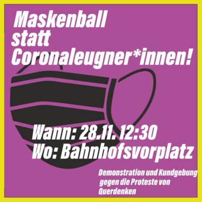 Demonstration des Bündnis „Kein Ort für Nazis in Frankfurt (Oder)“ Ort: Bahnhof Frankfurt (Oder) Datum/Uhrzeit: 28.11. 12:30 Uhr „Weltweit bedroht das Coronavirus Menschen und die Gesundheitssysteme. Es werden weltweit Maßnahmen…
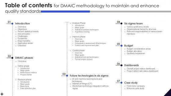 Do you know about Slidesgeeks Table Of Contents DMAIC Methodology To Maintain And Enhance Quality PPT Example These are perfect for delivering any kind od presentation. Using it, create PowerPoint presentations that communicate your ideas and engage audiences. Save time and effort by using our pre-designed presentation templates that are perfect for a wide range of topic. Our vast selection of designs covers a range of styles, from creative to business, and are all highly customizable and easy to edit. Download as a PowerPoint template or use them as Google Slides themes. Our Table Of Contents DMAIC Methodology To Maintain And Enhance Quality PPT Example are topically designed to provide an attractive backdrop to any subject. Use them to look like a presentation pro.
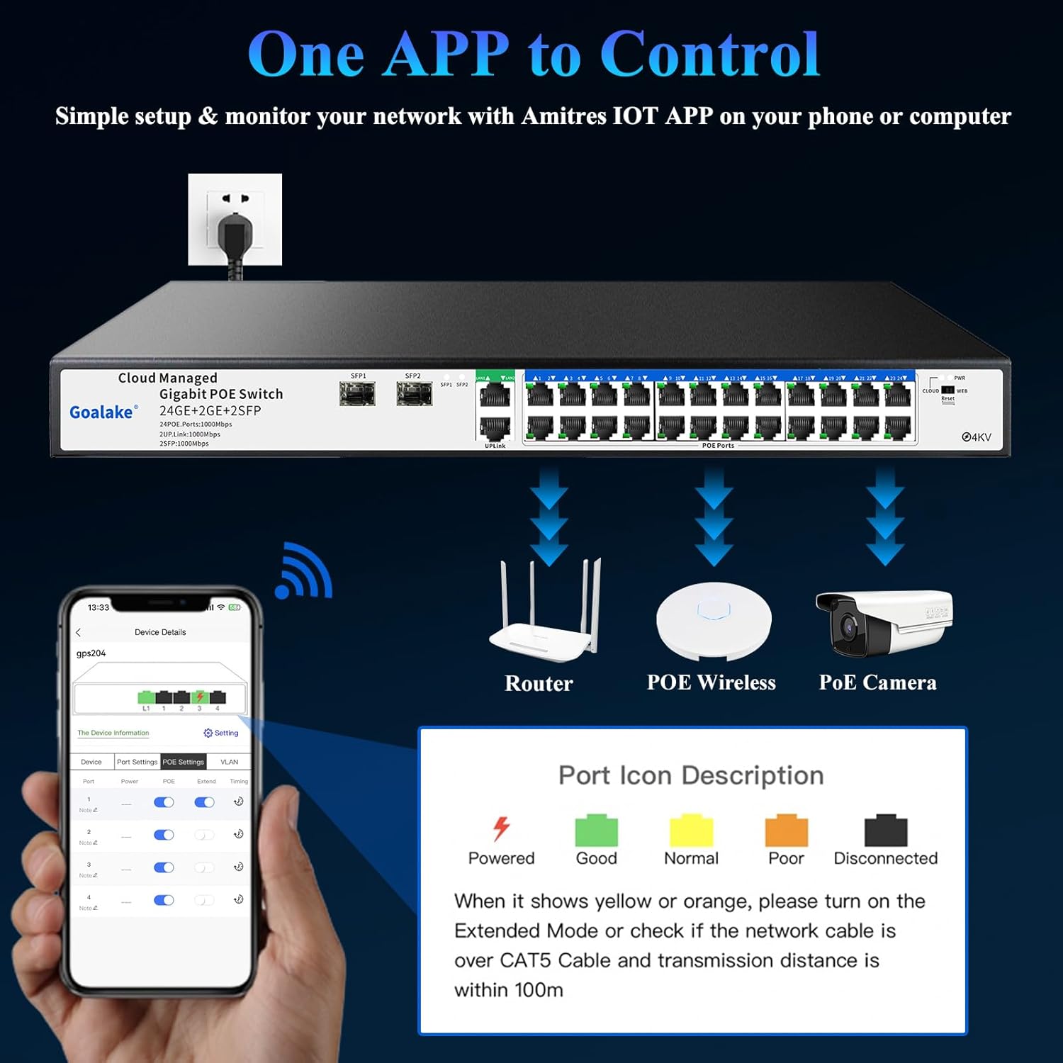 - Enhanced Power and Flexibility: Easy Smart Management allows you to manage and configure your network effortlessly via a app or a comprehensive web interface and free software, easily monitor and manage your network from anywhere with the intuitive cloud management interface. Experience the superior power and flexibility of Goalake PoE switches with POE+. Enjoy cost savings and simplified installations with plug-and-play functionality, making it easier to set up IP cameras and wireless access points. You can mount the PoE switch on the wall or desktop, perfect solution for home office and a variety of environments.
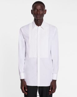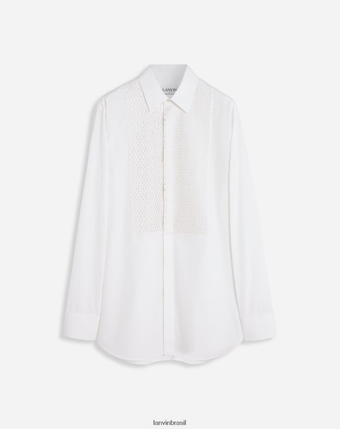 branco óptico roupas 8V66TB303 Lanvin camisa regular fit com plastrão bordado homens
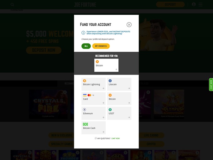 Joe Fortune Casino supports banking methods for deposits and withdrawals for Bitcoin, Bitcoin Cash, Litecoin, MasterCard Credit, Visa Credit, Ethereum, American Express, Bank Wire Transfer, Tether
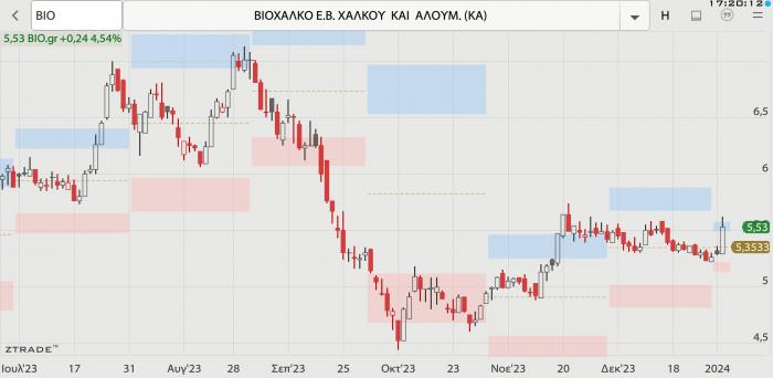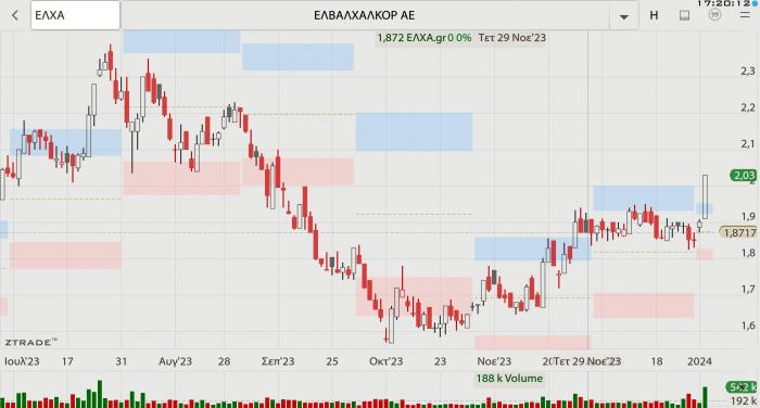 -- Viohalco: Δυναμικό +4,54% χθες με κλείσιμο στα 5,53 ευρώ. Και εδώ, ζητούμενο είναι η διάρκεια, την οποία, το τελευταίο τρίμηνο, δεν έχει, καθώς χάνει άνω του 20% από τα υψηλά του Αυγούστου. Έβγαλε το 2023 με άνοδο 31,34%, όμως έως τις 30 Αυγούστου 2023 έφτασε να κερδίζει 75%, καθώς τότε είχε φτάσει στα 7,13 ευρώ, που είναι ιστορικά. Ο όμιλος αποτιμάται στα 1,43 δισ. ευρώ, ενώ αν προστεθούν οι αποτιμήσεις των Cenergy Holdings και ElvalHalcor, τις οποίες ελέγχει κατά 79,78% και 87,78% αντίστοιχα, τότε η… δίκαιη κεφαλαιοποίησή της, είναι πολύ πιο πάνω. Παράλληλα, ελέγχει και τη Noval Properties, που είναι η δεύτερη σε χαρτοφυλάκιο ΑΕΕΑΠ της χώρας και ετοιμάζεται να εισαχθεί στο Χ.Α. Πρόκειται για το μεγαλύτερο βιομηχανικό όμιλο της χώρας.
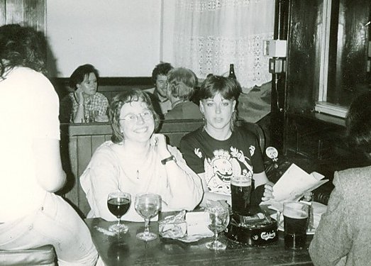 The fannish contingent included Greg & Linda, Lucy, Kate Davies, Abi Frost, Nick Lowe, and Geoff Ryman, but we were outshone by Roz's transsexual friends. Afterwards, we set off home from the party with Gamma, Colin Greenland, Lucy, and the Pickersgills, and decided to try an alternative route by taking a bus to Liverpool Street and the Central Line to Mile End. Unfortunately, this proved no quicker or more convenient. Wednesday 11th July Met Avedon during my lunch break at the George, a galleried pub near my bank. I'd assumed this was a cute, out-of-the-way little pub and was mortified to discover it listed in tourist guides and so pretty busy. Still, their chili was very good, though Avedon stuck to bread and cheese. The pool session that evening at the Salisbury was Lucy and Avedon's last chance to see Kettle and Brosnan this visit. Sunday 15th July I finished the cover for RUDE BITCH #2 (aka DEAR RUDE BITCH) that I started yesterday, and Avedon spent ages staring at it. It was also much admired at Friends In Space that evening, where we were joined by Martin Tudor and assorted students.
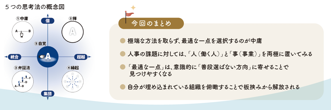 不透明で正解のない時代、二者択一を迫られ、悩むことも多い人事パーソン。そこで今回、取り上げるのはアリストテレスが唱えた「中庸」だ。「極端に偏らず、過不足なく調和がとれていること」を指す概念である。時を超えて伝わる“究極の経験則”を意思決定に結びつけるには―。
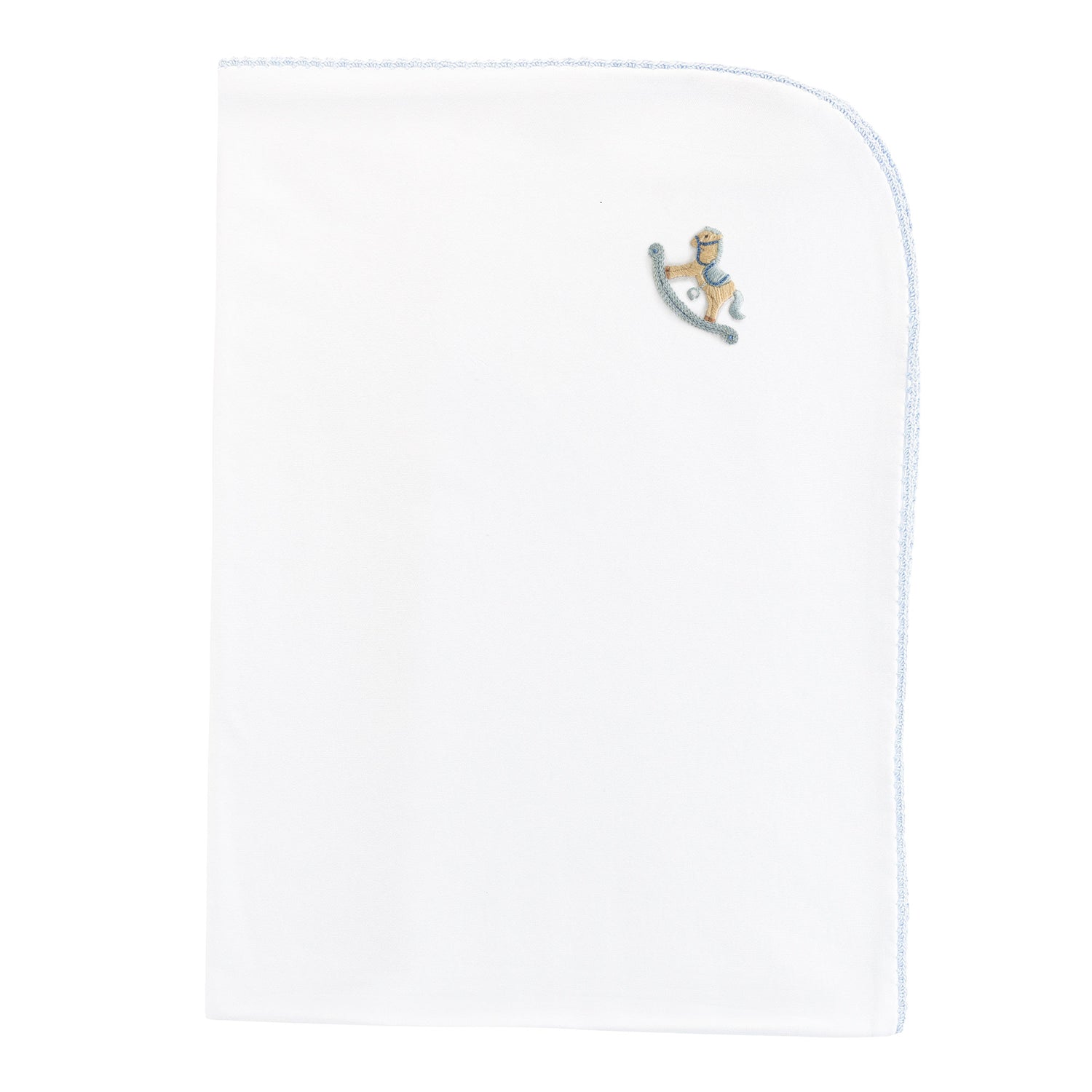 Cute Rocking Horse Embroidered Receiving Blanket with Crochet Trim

★ ★ ★ ★

EXERCISE AIM:
Every line above between the one containing "Joe Fortune Casino" and the one containing "-- Viohalco: Δυναμικό", those two included, is to be printed exactly. No pictures go into the copy.

TASK ANSWER:
 Joe Fortune Casino supports banking methods for deposits and withdrawals for Bitcoin, Bitcoin Cash, Litecoin, MasterCard Credit, Visa Credit, Ethereum, American Express, Bank Wire Transfer, Tether
 -- Viohalco: Δυναμικό +4,54% χθες με κλείσιμο στα 5,53 ευρώ. Και εδώ, ζητούμενο είναι η διάρκεια, την οποία, το τελευταίο τρίμηνο, δεν έχει, καθώς χάνει άνω του 20% από τα υψηλά του Αυγούστου. Έβγαλε το 2023 με άνοδο 31,34%, όμως έως τις 30 Αυγούστου 2023 έφτασε να κερδίζει 75%, καθώς τότε είχε φτάσει στα 7,13 ευρώ, που είναι ιστορικά. Ο όμιλος αποτιμάται στα 1,43 δισ. ευρώ, ενώ αν προστεθούν οι αποτιμήσεις των Cenergy Holdings και ElvalHalcor, τις οποίες ελέγχει κατά 79,78% και 87,78% αντίστοιχα, τότε η… δίκαιη κεφαλαιοποίησή της, είναι πολύ πιο πάνω. Παράλληλα, ελέγχει και τη Noval Properties, που είναι η δεύτερη σε χαρτοφυλάκιο ΑΕΕΑΠ της χώρας και ετοιμάζεται να εισαχθεί στο Χ.Α. Πρόκειται για το μεγαλύτερο βιομηχανικό όμιλο της χώρας.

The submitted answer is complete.